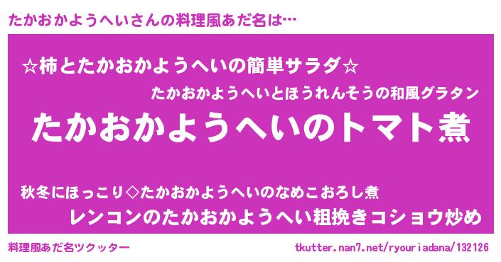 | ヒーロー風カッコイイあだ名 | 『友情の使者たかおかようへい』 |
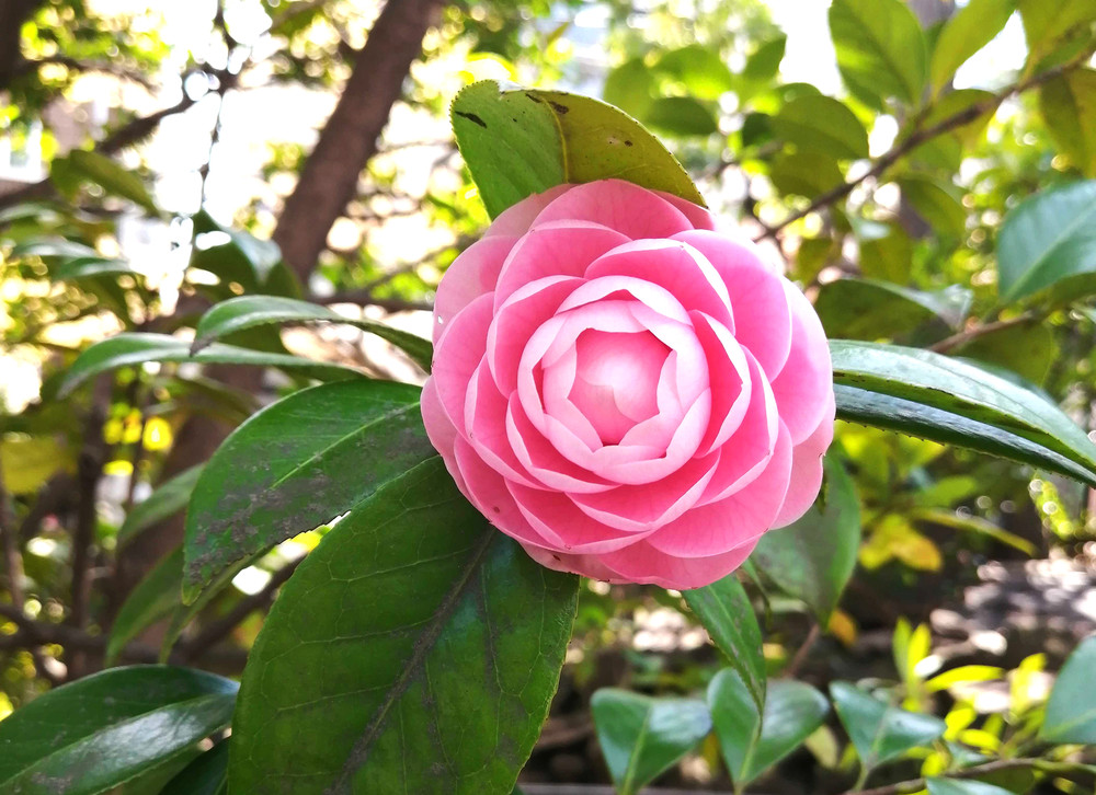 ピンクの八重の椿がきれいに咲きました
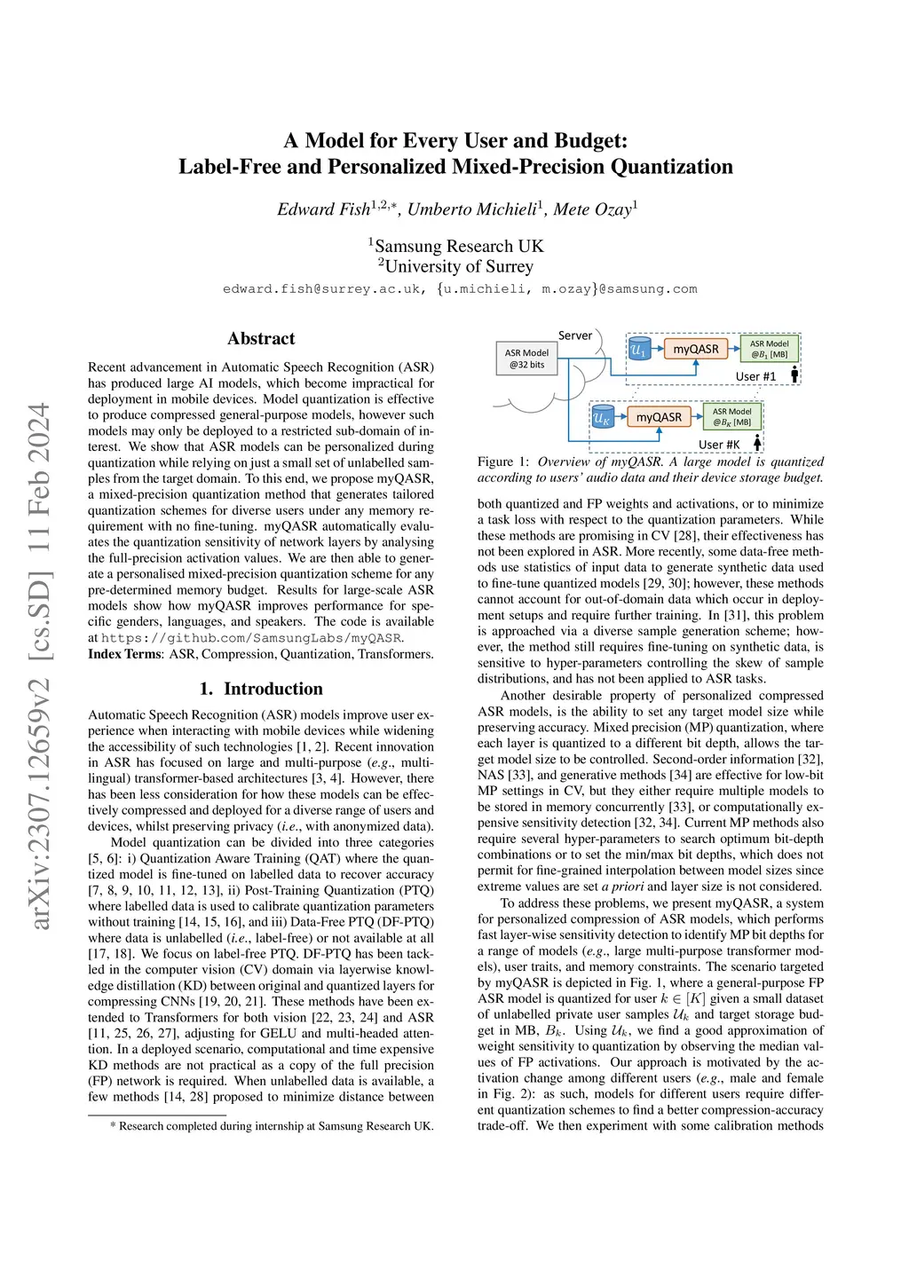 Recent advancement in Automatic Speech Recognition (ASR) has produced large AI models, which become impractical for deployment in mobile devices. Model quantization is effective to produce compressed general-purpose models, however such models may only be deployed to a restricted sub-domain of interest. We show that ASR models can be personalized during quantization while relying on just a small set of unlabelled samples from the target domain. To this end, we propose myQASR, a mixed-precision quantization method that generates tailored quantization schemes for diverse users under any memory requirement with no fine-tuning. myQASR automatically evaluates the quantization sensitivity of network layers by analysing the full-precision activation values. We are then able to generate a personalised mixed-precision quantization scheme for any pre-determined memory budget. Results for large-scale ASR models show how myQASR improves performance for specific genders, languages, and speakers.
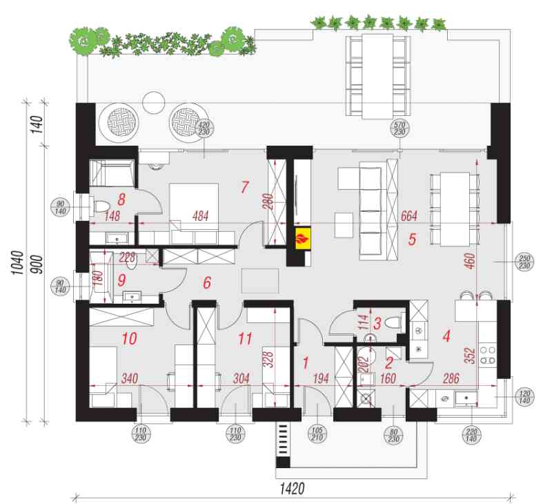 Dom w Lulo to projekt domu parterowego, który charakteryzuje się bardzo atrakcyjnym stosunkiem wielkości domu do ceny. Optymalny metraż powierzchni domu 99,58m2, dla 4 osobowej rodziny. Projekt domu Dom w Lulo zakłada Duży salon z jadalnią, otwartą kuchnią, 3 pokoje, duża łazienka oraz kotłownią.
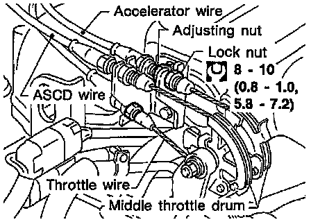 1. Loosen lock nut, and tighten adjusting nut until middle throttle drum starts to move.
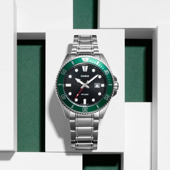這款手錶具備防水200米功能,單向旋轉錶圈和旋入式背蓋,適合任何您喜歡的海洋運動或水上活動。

==

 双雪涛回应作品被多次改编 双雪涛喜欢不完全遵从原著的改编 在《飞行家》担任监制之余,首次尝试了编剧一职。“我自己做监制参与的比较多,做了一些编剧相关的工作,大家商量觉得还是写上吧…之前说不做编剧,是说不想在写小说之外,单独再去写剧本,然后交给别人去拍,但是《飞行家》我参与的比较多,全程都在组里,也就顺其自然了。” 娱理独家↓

- [ASSIGNMENT] With the pictures removed, print only the lines starting at the line that has "ヒーロー風カッコイイあだ名 | 『友情の使者たかおかようへい』 |" and ending at the line that has "這款手錶具備防水200米功能", both ends included, exactly as they stand above.

- [SOLVED PROBLEM]
 | ヒーロー風カッコイイあだ名 | 『友情の使者たかおかようへい』 |
 ピンクの八重の椿がきれいに咲きました
 Recent advancement in Automatic Speech Recognition (ASR) has produced large AI models, which become impractical for deployment in mobile devices. Model quantization is effective to produce compressed general-purpose models, however such models may only be deployed to a restricted sub-domain of interest. We show that ASR models can be personalized during quantization while relying on just a small set of unlabelled samples from the target domain. To this end, we propose myQASR, a mixed-precision quantization method that generates tailored quantization schemes for diverse users under any memory requirement with no fine-tuning. myQASR automatically evaluates the quantization sensitivity of network layers by analysing the full-precision activation values. We are then able to generate a personalised mixed-precision quantization scheme for any pre-determined memory budget. Results for large-scale ASR models show how myQASR improves performance for specific genders, languages, and speakers.
 Dom w Lulo to projekt domu parterowego, który charakteryzuje się bardzo atrakcyjnym stosunkiem wielkości domu do ceny. Optymalny metraż powierzchni domu 99,58m2, dla 4 osobowej rodziny. Projekt domu Dom w Lulo zakłada Duży salon z jadalnią, otwartą kuchnią, 3 pokoje, duża łazienka oraz kotłownią.
 1. Loosen lock nut, and tighten adjusting nut until middle throttle drum starts to move.
這款手錶具備防水200米功能,單向旋轉錶圈和旋入式背蓋,適合任何您喜歡的海洋運動或水上活動。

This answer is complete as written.